Angela Alaimo O’Donnell
Writer, Professor at Fordham University
O'Donnell is the Associate Director of Fordham’s Curran Center for American Catholic Studies and teaches courses in English and in American Catholic Studies. She is also a regular columnist for America magazine. O’Donnell has published five collections of poems: Still Pilgrim (2017), Lovers’ Almanac (2015), Waking My Mother (2013), Saint Sinatra (2011), Moving House (2009), and two chapbooks MINE (2007) and Waiting for Ecstasy (2009). Other titles include The Province of Joy (2012), a book of hours based on the prayer life of Flannery O’Connor; Mortal Blessings (2014), a memoir and meditation on everyday sacraments; and Flannery O’Connor: Fiction Fired by Faith (2015), a brief biography and introduction to O’Connor’s work.

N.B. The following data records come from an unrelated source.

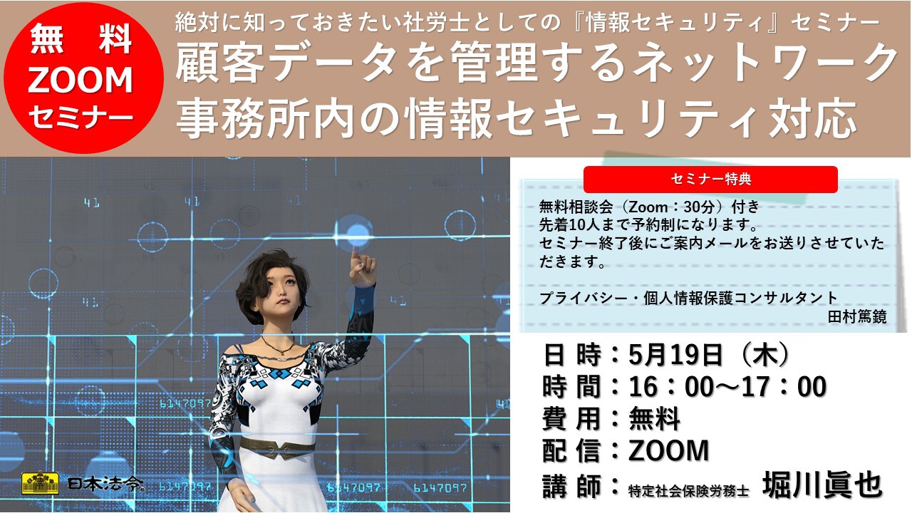 絶対に知っておきたい社労士としての『情報セキュリティ』セミナーの第2回を開催します!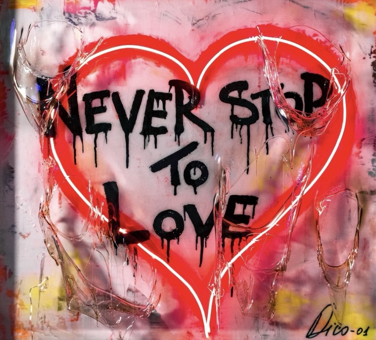 Never Stop to Love è una dichiarazione intensa e senza filtri, un invito a non interrompere mai il gesto dell’amore, nemmeno quando diventa fragile, imperfetto o faticoso. Il cuore al neon rosso pulsa al centro dell’opera come un battito vivo, mentre la scritta, colata e irregolare, sembra emergere dalla materia con urgenza, quasi fosse stata tracciata di getto, seguendo l’emozione del momento.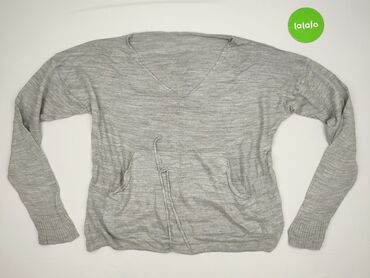 Sweter JIRGAO, rozmiar S/M - Klasyczny, ciepły sweter z mieszanki przędzy w odcieniach szarości - Dekolt w kształcie litery V z szerokim, prążkowanym ściągaczem - Długie rękawy z elastycznymi mank...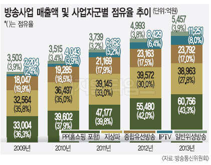방송통신위원회는 '2014년도 방송시장경쟁상황평가'를 통해 8일 이같이 밝혔다. 평가에 따르면 지난 2013년 말 기준 방송시장 전체 규모는 전년 대비 6.3% 증가한 14조347억원을 기록했다.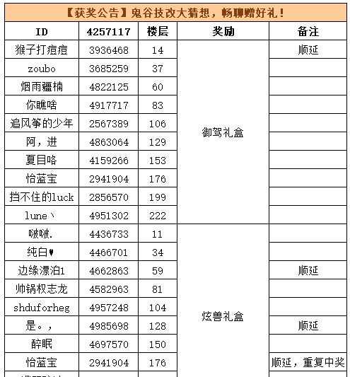 【活动】鬼谷技改大猜想,畅聊赠好礼! 已结束,感谢大家热情参与,现公布获奖名单 恭喜以上获奖玩家,重复中奖者只取最高奖励发放 ※兑换码会在近期陆续发放请留意自己的论坛私信并及时到大理龚彩云兑换使用 ...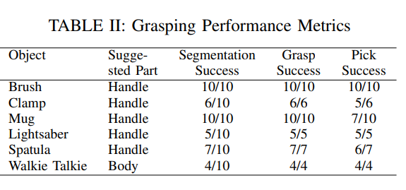 Grasping의 경우 위 사진처럼 DexNet을 top-down pick-up (인형뽑기 기계처럼 수직으로 들어 올리는 방법)으로 변형시켜 그리퍼의 z축 방향을 고정시켜 아래를 보게 하고 진행했습니다. VLM이 part를 segmentation 하는 경우 아래 표와 같이 파지 성공률이 거의 100퍼센트에 달했고, 그렇지 못하고 객체 전체를 segmentation하는 경우에는 비교적 아쉬운 결과를 보였다고 합니다. 하지만 이러한 grasping이 의미가 있을까,, 싶습니다.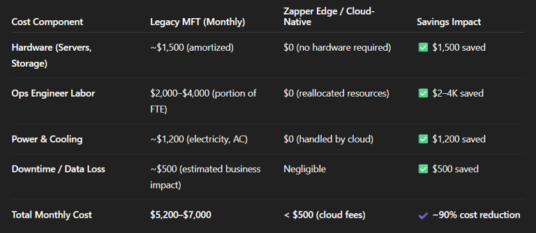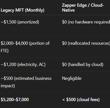 These figures show that Zapper Edge can save enterprises tens of thousands of dollars annually. Instead of sinking money into owned infrastructure and its upkeep, you pay a minimal fee for a service that is fully managed and far more reliable. Even if an organization’s legacy setup is a bit more optimized than the example, the shift to cloud MFT still offloads costs like: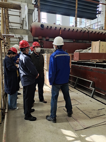 在三合村分公司200T燃煤熱水鍋爐等量替換工程現(xiàn)場,楊杰詳細(xì)聽取了工程的進展及復(fù)工復(fù)產(chǎn)工作準(zhǔn)備情況,并針對目前存在的困難和問題,現(xiàn)場辦公研究解決方案。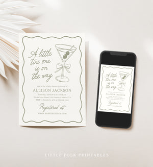 Celebrate a little one on the way with this martini baby shower invitation! This is a template that you can edit yourself at Corjl.com, then download and print with a printing service of your choice or send as a digital invitation.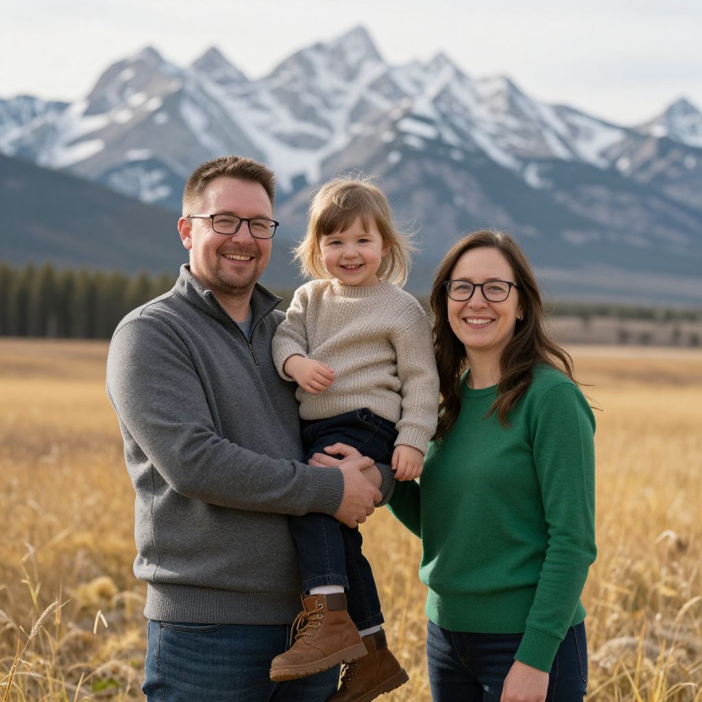Family portrait captures a joyful moment in Canmore, with three individuals—two adults and a child—standing together against a backdrop of majestic snow-capped mountains and a golden field. The man, wearing a gray zip-up sweater and glasses, holds the child, who is dressed in a beige sweater and dark pants, while the woman, in a green long-sleeve shirt and glasses, stands beside them, all smiling warmly.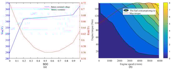 where and are the battery’s terminal voltage and the battery’s internal resistance, respectively. They are related to SOC and obtained by looking up tables according to SOC, as shown in Figure 3a is the nominal battery capacity and is the sample time.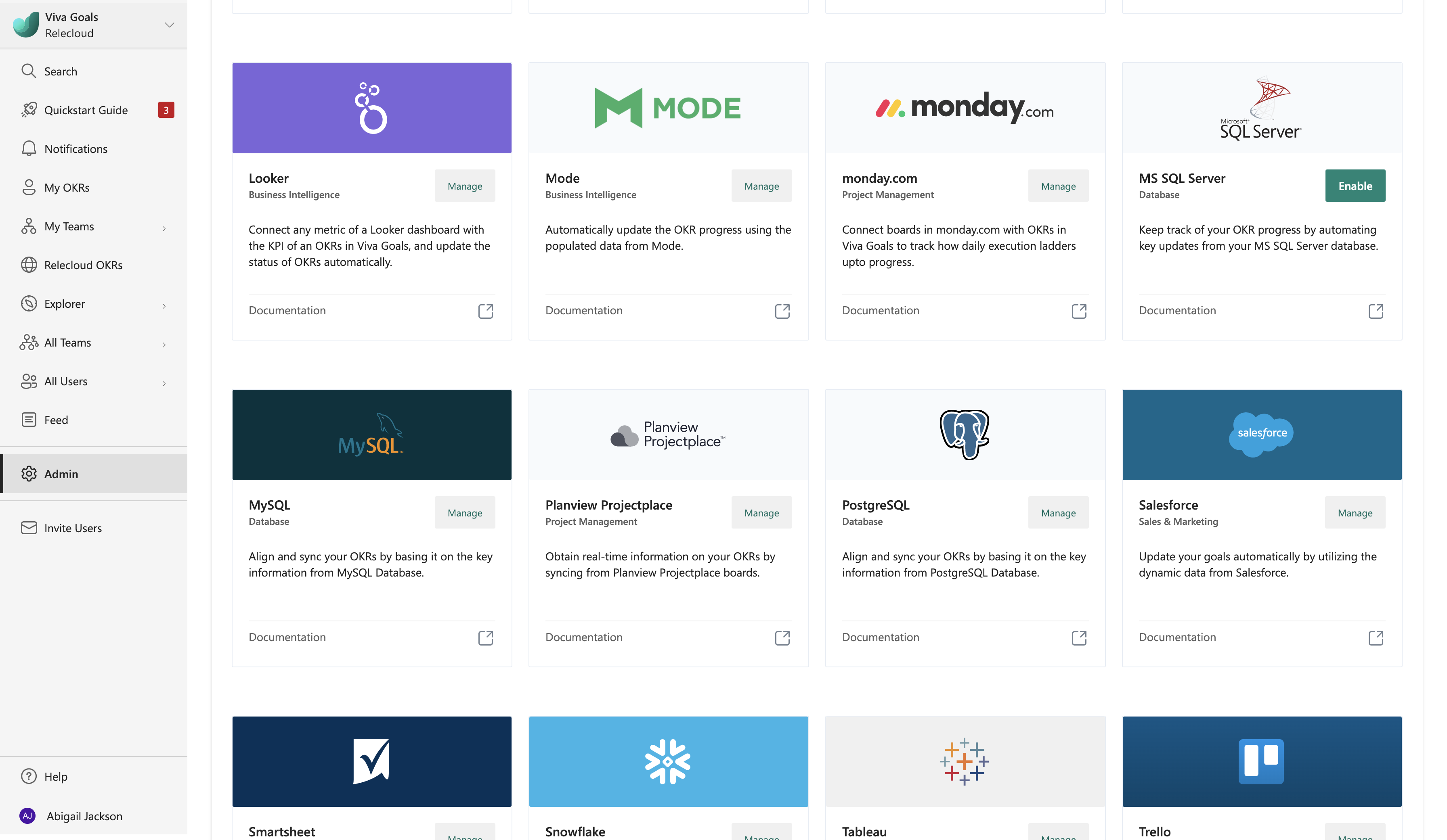 The first step to set up the Microsoft SQL integration is to connect your account to Viva Goals. Go to the sidebar and select Admin and then select Integrations.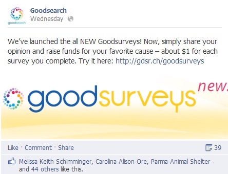 Setelah menyediakan layanan mesin pencari dan untuk belanja, pada hari Rabu, 20 Februari 2013, Goodsearch meluncurkan layanan baru yang dinamakan Goodsurveys. Tujuan dari layanan baru ini memberikan kemudahan bagi pengguna Internet berbagi pendapat dengan mengambil survei online. Ibarat menjalankan tugas menjawab beberapa pertanyaan sambil mengumpulkan sumbangan amal.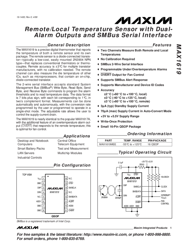 MAX1619 Remote/Local Temperature Sensor with Dual-Alarm Outputs and SMBus Serial Interface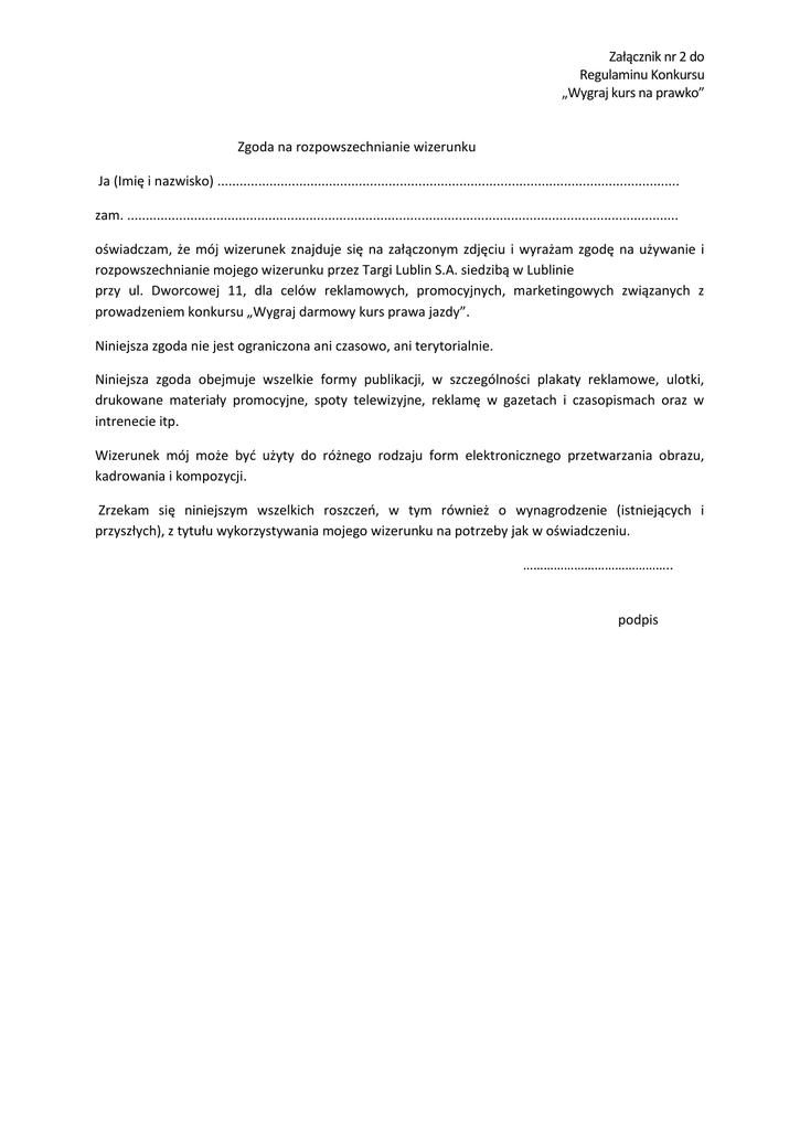 Załącznik nr 2 do Regulaminu Konkursu „Wygraj kurs na prawko” Zgoda na rozpowszechnianie wizerunku Ja (Imię i nazwisko) ............................................................................................................................ zam. .................................................................................................................................................... oświadczam, że mój wizerunek znajduje się na załączonym zdjęciu i wyrażam zgodę na używanie i rozpowszechnianie mojego wizerunku przez Targi Lublin S.A. siedzibą w Lublinie przy ul. Dworcowej 11, dla celów reklamowych, promocyjnych, marketingowych związanych z prowadzeniem konkursu „Wygraj darmowy kurs prawa jazdy”. Niniejsza zgoda nie jest ograniczona ani czasowo, ani terytorialnie. Niniejsza zgoda obejmuje wszelkie formy publikacji, w szczególności plakaty reklamowe, ulotki, drukowane materiały promocyjne, spoty telewizyjne, reklamę w gazetach i czasopismach oraz w intrenecie itp. Wizerunek mój może być użyty do różnego rodzaju form elektronicznego przetwarzania obrazu, kadrowania i kompozycji. Zrzekam się niniejszym wszelkich roszczeń, w tym również o wynagrodzenie (istniejących i przyszłych), z tytułu wykorzystywania mojego wizerunku na potrzeby jak w oświadczeniu. …………………………………….. podpis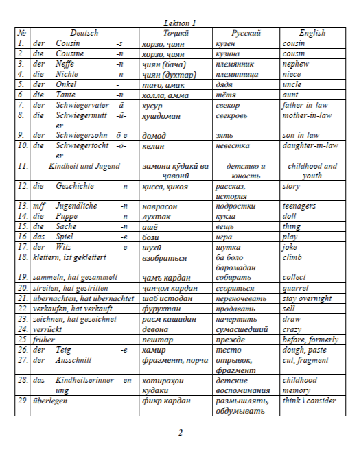 Эта книга представляет собой словарь к курсу Menschen уровня A2.1 по изучению немецкого языка как иностранного. Она содержит основные слова и выражения с переводом на таджикский, русский и английский языки.

In addition to writing poems, O’Donnell writes essays that engage literature and art in the context of the Catholic intellectual tradition. Her essays and reviews have appeared in journals such as America, Commonweal, Mezzo Cammin, Studies in Philology, Spiritus,and Christianity & Literature and have been included in a variety of collections and anthologies, including The Catholic Studies Reader (Fordham UP, 2011) and Teaching the Tradition (Oxford UP, 2012).